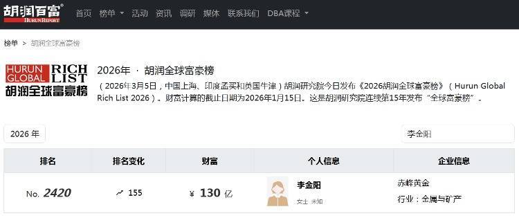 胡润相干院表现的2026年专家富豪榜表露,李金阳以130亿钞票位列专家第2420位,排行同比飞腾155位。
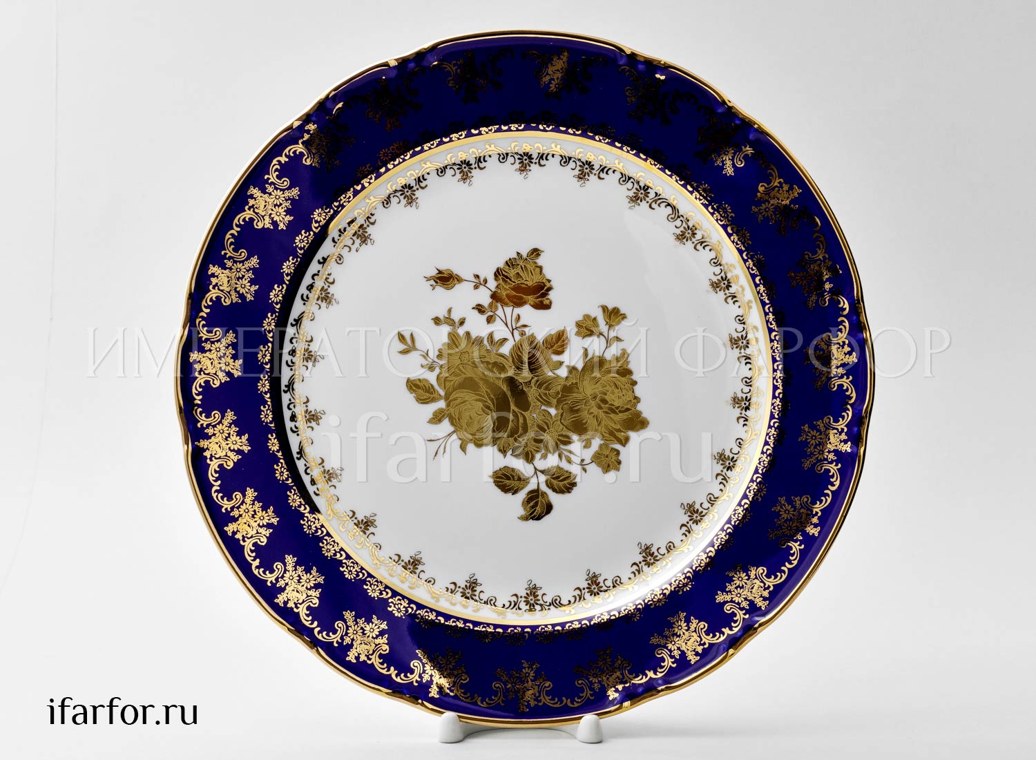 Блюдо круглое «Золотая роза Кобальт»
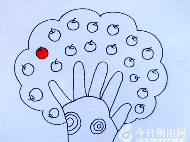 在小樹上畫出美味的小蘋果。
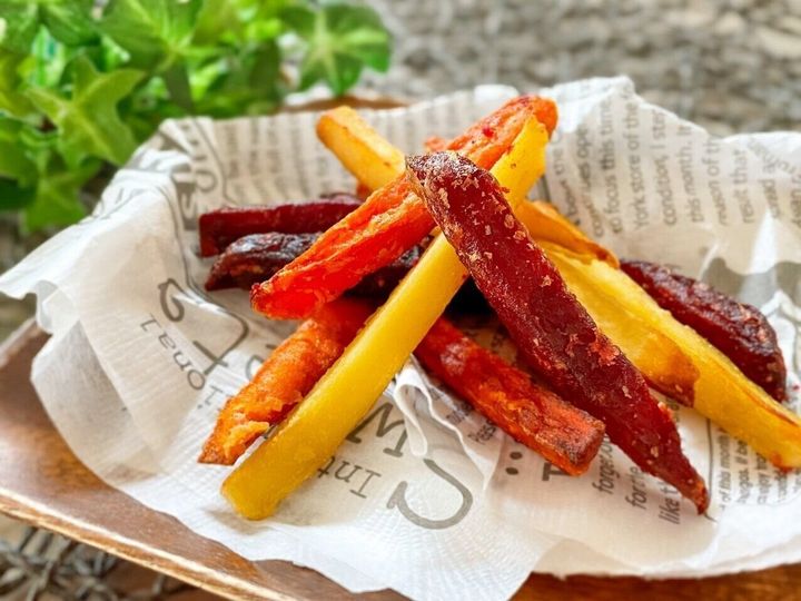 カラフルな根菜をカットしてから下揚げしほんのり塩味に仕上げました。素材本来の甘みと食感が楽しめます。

────────────────────

Where the line containing "在小樹上畫出美味的小蘋果。" appears, begin writing out the lines word for word, and continue through the last line of the data, leaving out pictures.

 在小樹上畫出美味的小蘋果。
 カラフルな根菜をカットしてから下揚げしほんのり塩味に仕上げました。素材本来の甘みと食感が楽しめます。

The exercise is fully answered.